Ванна заполнялась, и зеленые прожилки мрамора колыхались под теплой водой. Она расстегнула пряжку на ремне и выскользнула из брюк.
Нынче вечером — «Вертер». Потом будет прием, они поужинают на острове Лидо с остальной труппой и вернутся на моторной лодке, на которой уплыли сегодня утром. Потом, как и каждый вечер, будут заниматься любовью до изнеможения, а после она будет вслушиваться в посапывание Орландо, пока сама не погрузится в тишину и темноту.
Она расстегнула свою клетчатую рубашку. Прощаясь сегодня утром, он сказал ей: «До вечера, ковбой!» Завтра она купит себе ковбойские сапоги из коричневой кожи; сегодня она уже видела такие в витрине Пьяцца дель…
Она протянула руку к крану и перекрыла воду.
Ей не показалось: в спальне звонил телефон.

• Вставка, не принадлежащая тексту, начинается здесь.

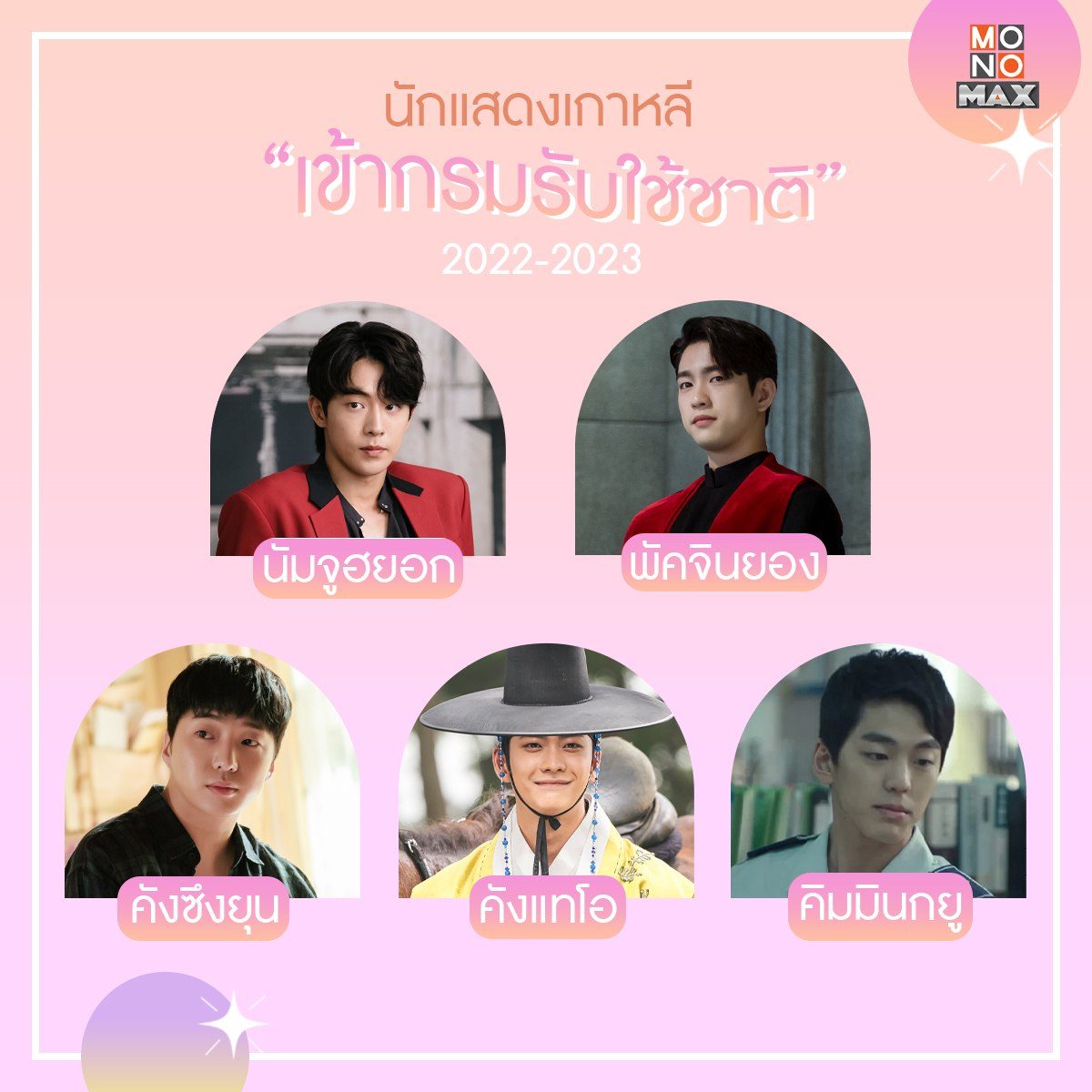ทำเอาเหล่าสาวๆ เศร้าซึมกันเลยทีเดียว เมื่อได้ทราบข่าวว่าเหล่านักแสดงมากมายที่เป็นขวัญใจผู้ชม ต่างพากันพักงานลาไปเข้ากรมรับใช้ชาติในปีหน้า! วันนี้เราจึงรวบรวมหนุ่มๆ ที่จะไม่ได้เห็นหน้ากันไปสักพัก มาให้รับชมผลงานกันให้หายคิดถึง งานนี้จะมีหนุ่มๆ จาก MONOMAX คนไหนบ้าง ตามมาดูและติดตามซีรีส์เกาหลีพากย์ไทยของพวกเขาได้ทุกเรื่องที่ MONOMAX
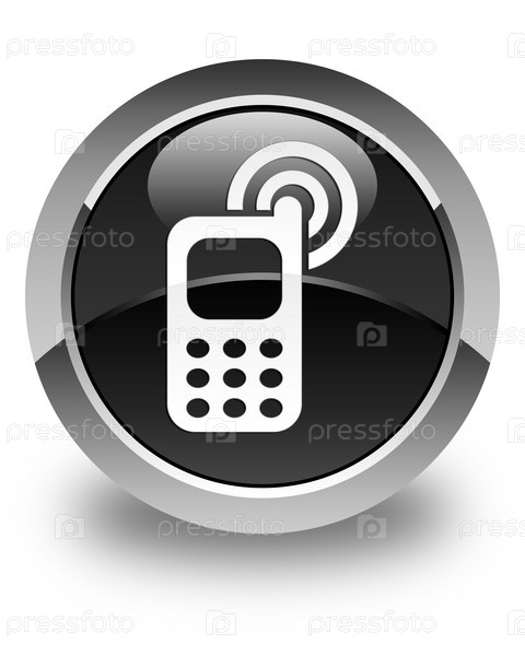 Икона звонка сотового телефона глянцевая черная круглая кнопка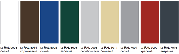 Стандартно откатные ворота изготавливаются из сэндвич-панелей толщиной 55 мм с гладкой поверхностью белого цвета (RAL 9003), но также возможен заказ полотна любого цвета по RAL-карте.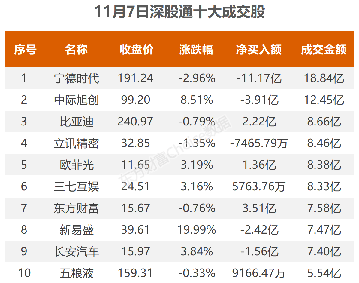 11月7日,两市震荡调整,三大指数均小幅收跌。北向资金当日净卖出45.88亿元,终结此前连续3日净买入;其中,沪股通净卖出24.26亿元,深股通净卖出21.61亿元。北向资金当日成交金额1142.35亿元,占a股总成交额的11.50%。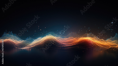 The watermark will not be included on Canvas Print.: Digital technology landscape with chart wave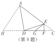 8. 如图,在三角形纸片$ABC$中,$\angle B=57^{\circ}$,$\angle C=38^{\circ}$,将纸片沿着过点$A$的直线折叠,使点$B$落在$AC$边上的点$E$处,折痕$AD$交$BC$于点$D$;再将纸片沿着过点$E$的直线折叠,使点$C$落在$BC$边上的点$G$处,折痕$EF$交$BC$于点$F$.下列结论成立的是(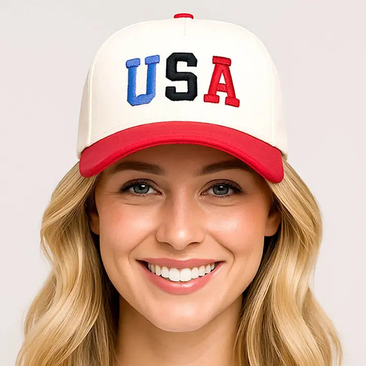 This USA embroidered baseball cap features bold raised lettering and a clean, structured silhouette designed for everyday wear and seasonal displays.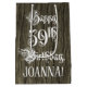 This luxurious and formal birthday themed giftbag design features the message “Happy 59th Birthday,” in ornate script style text, on a faux wood look pattern background. It also features an editable recipient name. A gift bag like this might be used when wrapping gifts being given to somebody in celebration of their 59th birthday. [~Z0000558]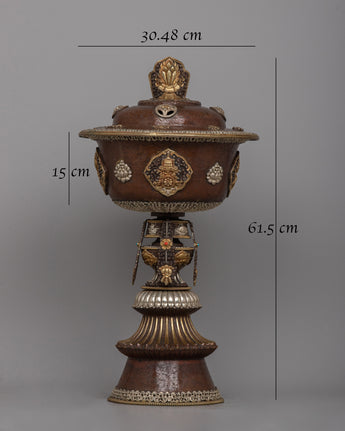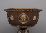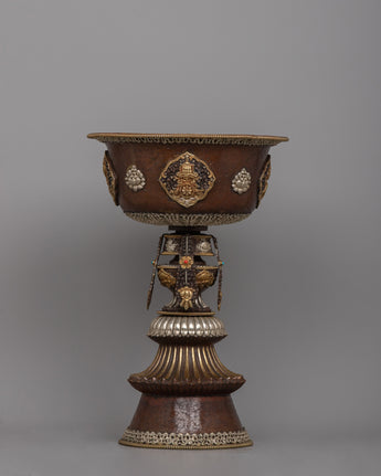 Butter lamps are an essential element in the offering practices of Tibetan Buddhism and represent the offering of light to enlightened beings. Butter lamps are called “the Dharma light.” Their form is reminiscent of the Christian chalice, and they would have been used on an altar, filled to the brim with yak butter oil and a single wick floating in each.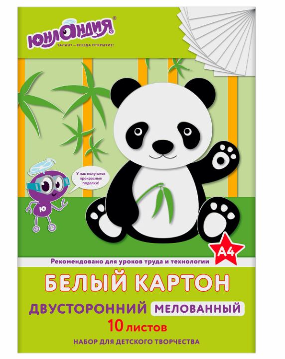 Мелованный картон обладает плотностью 200 г/м2, имеет гладкую, идеально белую (глянцевую) поверхность с одной стороны и белую матовую поверхность с оборота. Его можно использовать как для поделок, так и для рисования, а также в качестве основы для аппликаций. С помощью этого картона ребенок сможет воплотить в жизнь любую творческую задумку. В наборе 10 листов двустороннего картона белого цвета формата А4 (200х290 мм). Творческая инструкция по созданию аппликации на обороте.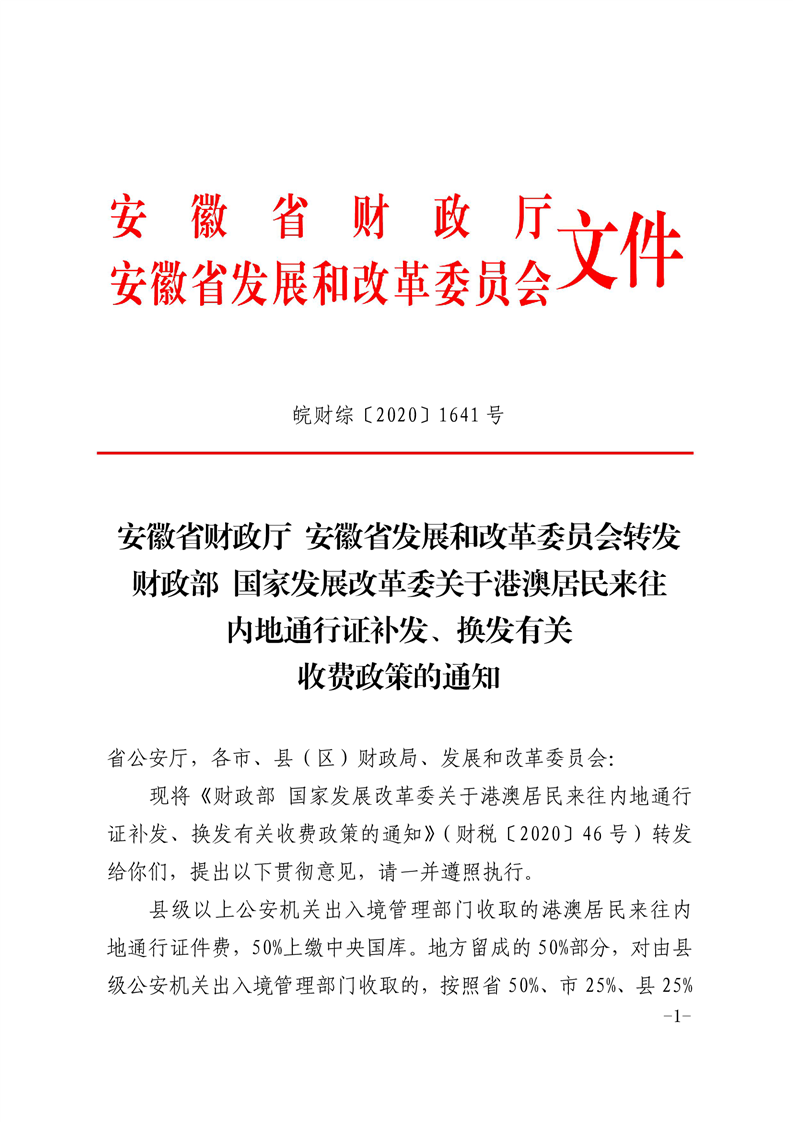 安徽省财政厅 安徽省发展和改革委员会转发财政部 国家发展改革委关于港澳居民来往内地通行证补发、换发有关收费政策的通知

Карола не знала, как долго дребезжал аппарат, прежде чем она его услышала; у двери она прихватила халат Орландо и набросила его на плечи. Наверное, это звонил он — в это время он как раз должен был вернуться в гримерку. Видимо, просто набрал номер, чтобы еще раз сказать, что любит ее.
— Алло…
По потрескиванию на линии она тут же поняла, что звонили издалека. Странное впечатление: ей почудилось, будто голос доносился из темной, обитой тканью комнаты. Смешно, конечно, но эхо было прелюбопытное.

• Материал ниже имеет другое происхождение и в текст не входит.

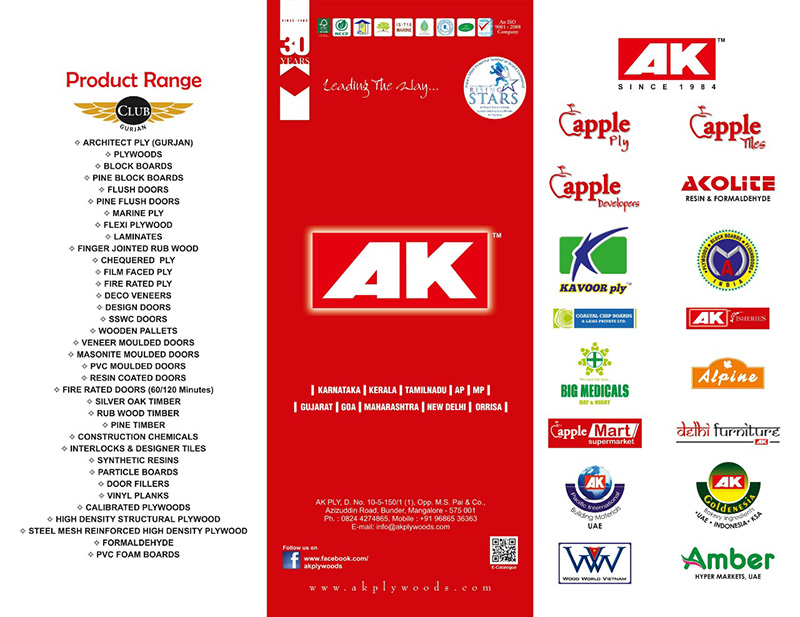Today AK plywood is considered as one of the best plywood manufacturers in whole of India and the largest from South India. The company is holding one of the widest product range and is in the process of expanding the range even more. Under his able guidance, the company has itself established as a leading supplier to all the leading hotel chains like ITC, taj, raddison, Hilton and many more.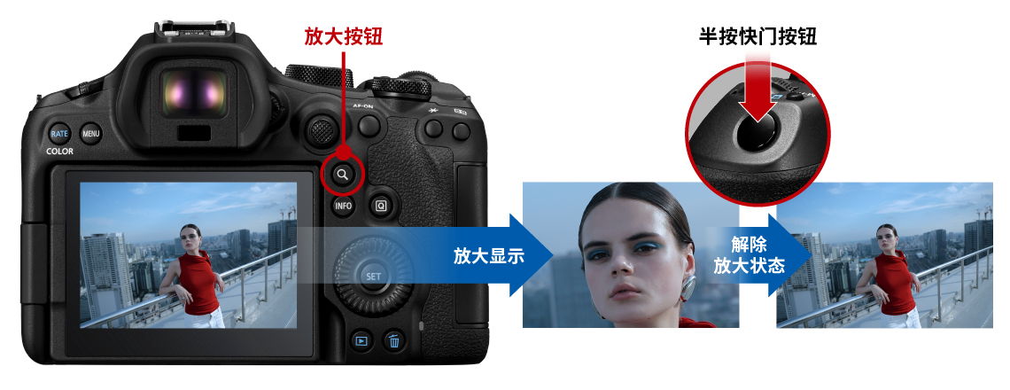 EOS R6 Mark III在手动对焦放大显示时,新增了半按快门按钮解除放大状态的功能。放大显示精确对焦后,可迅速回到拍摄状态完成拍摄。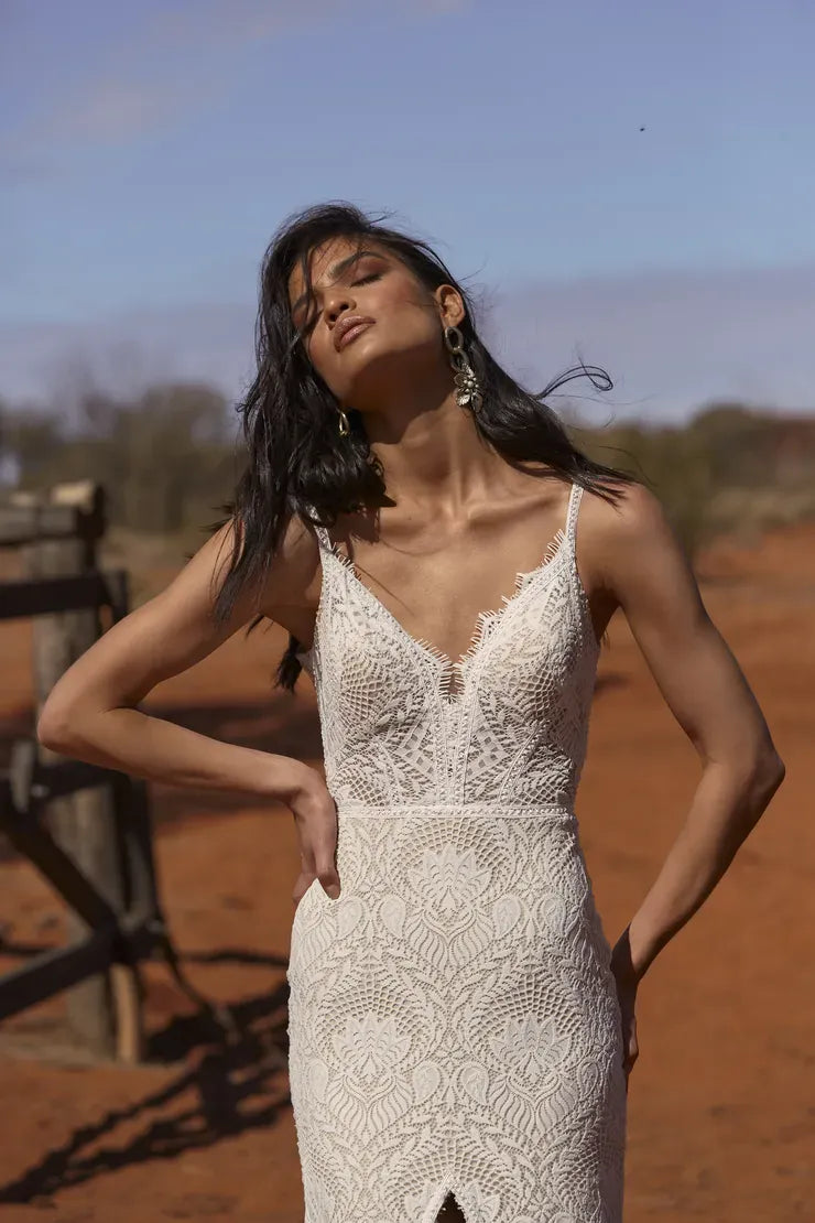Evie Young Rue is a beautiful lace fit and flare wedding dress featuring a slit in the skirt + detachable off-the-shoulder straps! This gown comes to us in great condition from a designer boutique. Evie Young Rue is Nude in color and a size 12.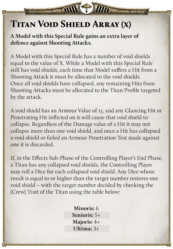 The regeneration chance depends on the Titan’s Crew Trait. A Minoris crew rolls a 6+, while an Ultima crew gets theirs back on a 3+. You can pay to upgrade the crew, which impacts everything from void shield recovery to ballistic skill.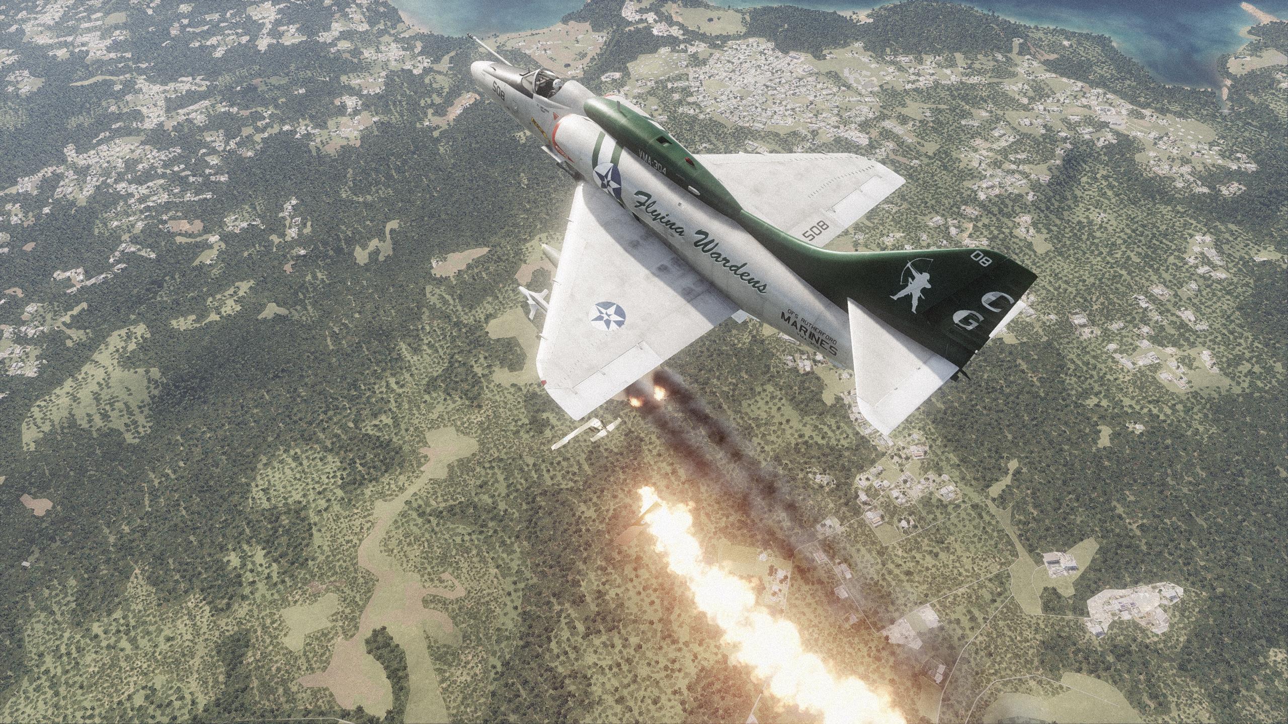 The Flying Wardens of VMFA-304 have had an exceptionally colorful history, flying everything from the F4F Hellcat and AD Skyraider to the RA-5C Vigilante and the F-35D Lightning II. Between their stints with the Skyraider and Vigilante they operated the A-4 Skyhawk, providing close air support to Osean and Aurelian forces against communist insurgents in the latter country's northern jungles. VMA-304 notably was the squadron with the only Marine Corps ace of the war not to fly the F-4 Phantom or F-8 Crusader, with Capt. Luis Avery shooting down two enemy aircraft with an A-1 and four with his Skyhawk. After three tours in the Aurelian Sea the squadron would be redesignated to RVMAH-304, becoming the sole Marine Corps squadron to operate the RA-5C and one of three equipped with any form of the Vigilante (along with VMAH-63 and VMAH-174 flying the A-5B non-nuclear variant) and would later operate the A-6E Intruder as VMA(AW)-304 and the F/A-18D Night Attack and F-35D as VMFA-304

Она тихонько присела на подлокотник кресла.
— Алло…
Откуда взялся этот страх? Сначала, словно от усталости, появилась дрожь в ногах. Да, сегодня днем она много ходила пешком, но причина была не только в этом. Мурашки ползли вверх по ногам, и она знала: когда страх комком соберется в животе, это будет невыносимо.
— Слушаю.
Из трубки донеслось дыхание, сдержанное сиплое дыхание человека на волоске от смерти, когда кажется, что эта тонкая нить вот-вот оборвется.
— Мне нужна Карола Кюн.
Никогда прежде она не слыхала этого приглушенного гнусавого голоса, принадлежавшего, казалось, какой-то злой и своенравной девчонке. Звуки лились медленно, словно говорящая соединяла между собой слоги, смысл которых был ей неведом.
— Это я. Кто говорит?
Вновь молчание. Глаза Каролы уставились на совершенный круг луны, сиявший в окне. Несмотря на ясность неба, на нем не было видно ни единой звездочки, лишь этот ледяной шар, излучающий бесконечных холод.

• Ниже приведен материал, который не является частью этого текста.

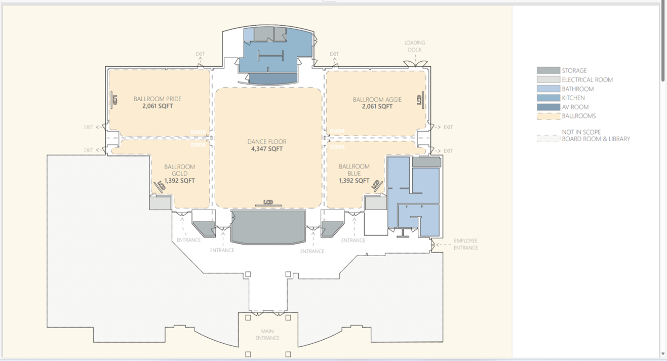 The Aggie 101 or Pride 103 is a 2,061-square-foot event space that can accommodate 70 to 200 guests. This configuration can also entertain up to 200 guests for a free-flow reception.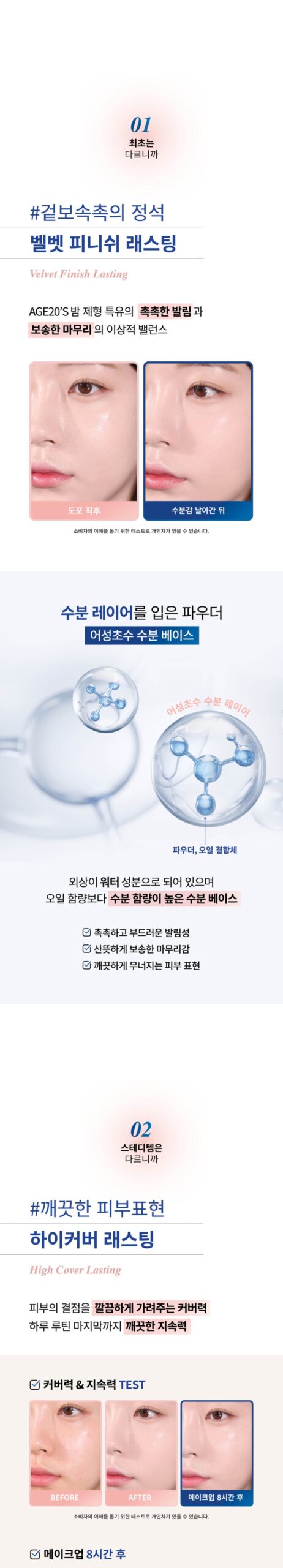 Okay, so let me spill some tea on the AGE20’s Velvet Lasting Pact! This stuff is next-level. 😍 I mean, it gives off this incredible soft velvet vibe that’s totally not cakey or heavy – feels like I’m wearing a cloud or something (who knew makeup could feel so chill?). It glides on super smoothly and keeps that moisture game strong for ages—like literally lasted through brunch with my pals today! My face looked as fresh at sunset as it did when I applied. Seriously recommend for anyone looking to keep things breezy yet fabulous!

— Ты не помнишь моего голоса…
Те же раздельные слоги; для женщины на другом конце провода слова не имели ни смысла, ни тепла, и уже никогда не обретут их. Что-то недоброе исходило от нее, нужно было поскорее избавиться от этого наваждения.
Повесить трубку.
Карола попыталась разжать пальцы, сжимавшие трубку.
— Но ты меня знаешь…
Нет, это не она. Этого не может быть. Я Карола Крандам, сейчас я в Венеции с любимым человеком, я уехала навсегда, оставила своего мужа Ханса и всех остальных, сейчас я в комнате палаццо Фарраджи, а через два часа буду в «Ла Фениче», там будут свет, толпа, музыка, пение, и кроме этого для меня больше ничего не существует, важно лишь настоящее, и…
— Ты узнала меня, Карола.
Ее голова пришла в движение: она поймала себя на том, что волосы методично поглаживают плечи — непроизвольный жест отрицания, словно какая-то пружина, какой-то механизм завелся в ней.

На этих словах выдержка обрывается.